• **Data for this exercise**
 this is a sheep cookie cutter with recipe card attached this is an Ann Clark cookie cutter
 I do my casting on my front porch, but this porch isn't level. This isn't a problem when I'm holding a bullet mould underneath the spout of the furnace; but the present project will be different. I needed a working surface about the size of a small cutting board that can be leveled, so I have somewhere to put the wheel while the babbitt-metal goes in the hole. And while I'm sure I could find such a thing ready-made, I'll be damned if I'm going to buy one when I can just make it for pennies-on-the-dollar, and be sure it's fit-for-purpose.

* * *

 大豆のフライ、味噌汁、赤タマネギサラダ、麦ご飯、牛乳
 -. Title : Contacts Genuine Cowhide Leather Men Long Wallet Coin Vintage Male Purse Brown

• **What is needed**
Your task is to transcribe, with no changes, only the lines of the listing above that lie between the line holding "大豆のフライ、味噌汁、赤タマネギサラダ、麦ご飯、牛乳" and the line holding "-. Title : Contacts", inclusive.

• **Response to this exercise**
 大豆のフライ、味噌汁、赤タマネギサラダ、麦ご飯、牛乳
 -. Title : Contacts Genuine Cowhide Leather Men Long Wallet Coin Vintage Male Purse Brown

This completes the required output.